Concepts
Five Node Classes
Every node in the DAG is classified into one of five semantic roles:
Class |
Role |
Examples |
|---|---|---|
Source |
Data acquisition scripts |
|
Input |
Raw data and configuration |
|
Processing |
Transform and analysis scripts |
|
Output |
Intermediate and final data products |
|
Claim |
Manuscript assertions tied to evidence |
|
This classification turns the DAG into a navigable map of the research project. The key operation is backpropagation from claims to sources: starting from a manuscript assertion (claim), Clew traces backward through outputs, processing scripts, and inputs to the original raw data — verifying every hash along the way.
Three Verification Modes
Mode |
Scope |
API |
Description |
|---|---|---|---|
Project |
Entire pipeline |
|
Verifies every session in the database in topological order. “Is the whole project intact?” |
Files |
Specific outputs |
|
Traces backward from target files through their dependency chain. “Can I trust this specific file?” |
Claims |
Manuscript assertions |
|
Verifies claims linked to source sessions. “Is this figure still backed by the data?” |
DAG as Research Logic
Beyond verification, the DAG itself is valuable: it is the simplest formal representation of a project’s research logic. Each node is a concrete artifact (script, data file, or claim) and each edge is a recorded dependency. This skeleton structure lets you:
Understand a project at a glance — which scripts produce which outputs
Navigate from any claim back to the raw data that supports it
Communicate project structure to collaborators and reviewers
Enable AI agents to reason about the research pipeline programmatically
The Mermaid diagram (clew.mermaid()) renders this logic as a visual flowchart,
making the implicit structure of any research project explicit and inspectable.
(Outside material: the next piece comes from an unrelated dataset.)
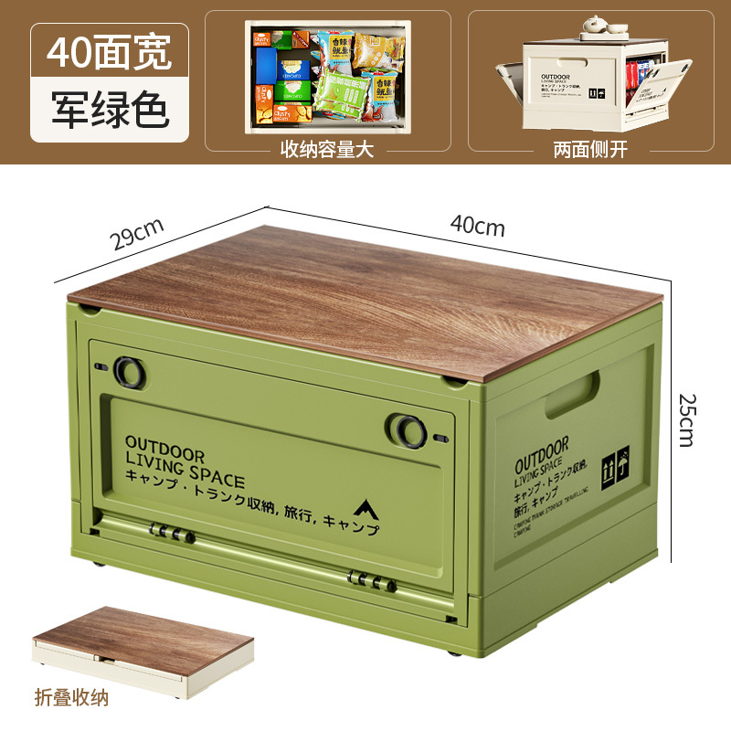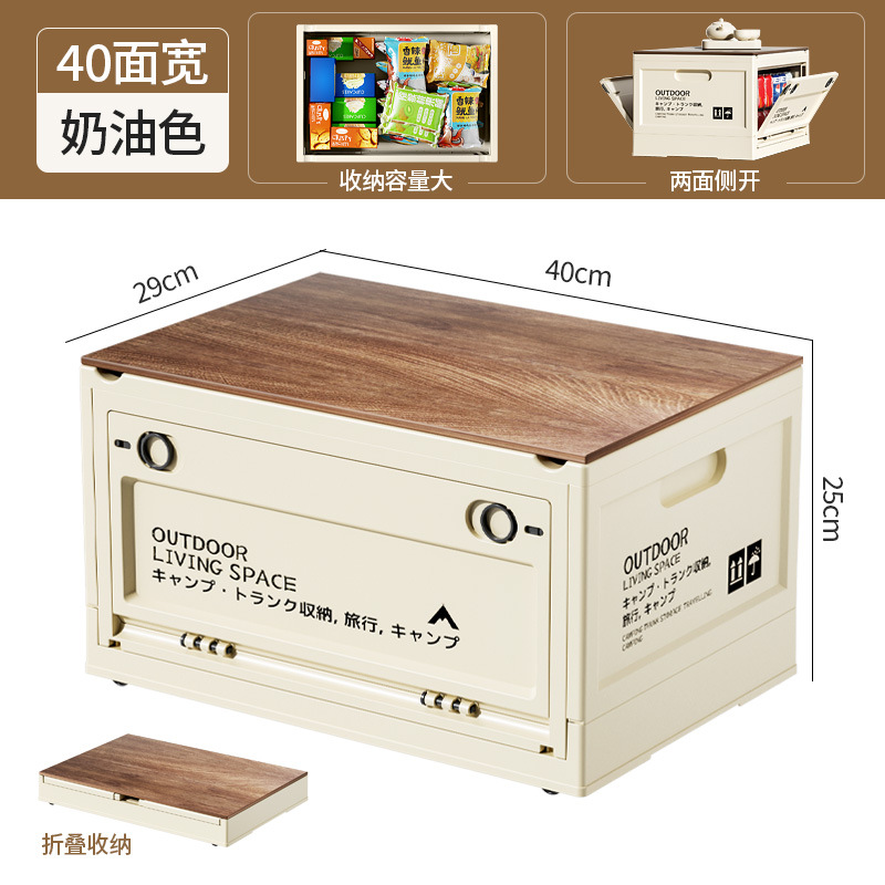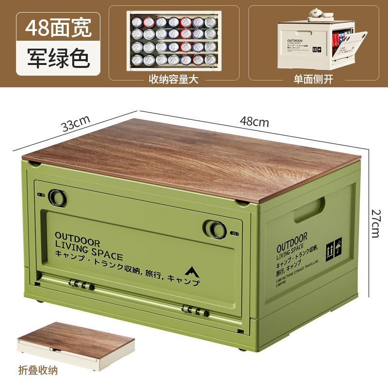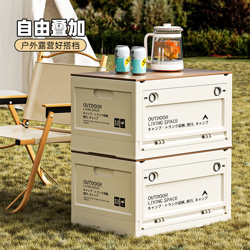 户外收纳箱侧开门露营箱多功能五开门折叠箱车载置物箱木盖整理箱

Figure 2. The DAG is both a verification tool and a structural map of research logic — from raw data through processing to manuscript claims.
How It Works
Recording: During a session, Clew computes SHA-256 hashes of all input and output files, storing them alongside session metadata in a local SQLite database.
Verification: At any point, you can verify a session by recomputing hashes and comparing them to the recorded values. If any file has changed, the verification fails.
DAG Construction: Sessions are linked by shared files — when one session’s output is another session’s input, Clew infers a dependency edge. This builds a complete DAG of the research project.
Provenance Tracing: Given any file, Clew can trace its complete lineage — which sessions produced it, which inputs were consumed, and whether the chain is intact.
Claim Verification: Manuscript assertions (e.g., “Figure 1 shows p < 0.05”) are linked to the sessions that produced the evidence. Verification ensures the claim is still supported by the data.
Architecture
┌─────────────────────────────────────────────────┐
│ scitex-clew │
├─────────────────────────────────────────────────┤
│ Python API (19 functions) │
│ status, run, chain, dag, rerun, mermaid, ... │
├─────────────────────────────────────────────────┤
│ CLI (Click) │ MCP (FastMCP) │
│ clew status │ clew mcp start │
│ clew verify ... │ 9 tools │
├─────────────────────────────────────────────────┤
│ Core Engine │
│ _hash.py _chain.py _dag.py _claim.py │
│ _tracker.py _stamp.py _rerun.py │
├─────────────────────────────────────────────────┤
│ Storage: SQLite (clew.db) │
│ runs, file_hashes, session_parents, claims │
└─────────────────────────────────────────────────┘
Zero dependencies — pure stdlib + sqlite3. Optional extras: click (CLI),
fastmcp (MCP server), sphinx (docs).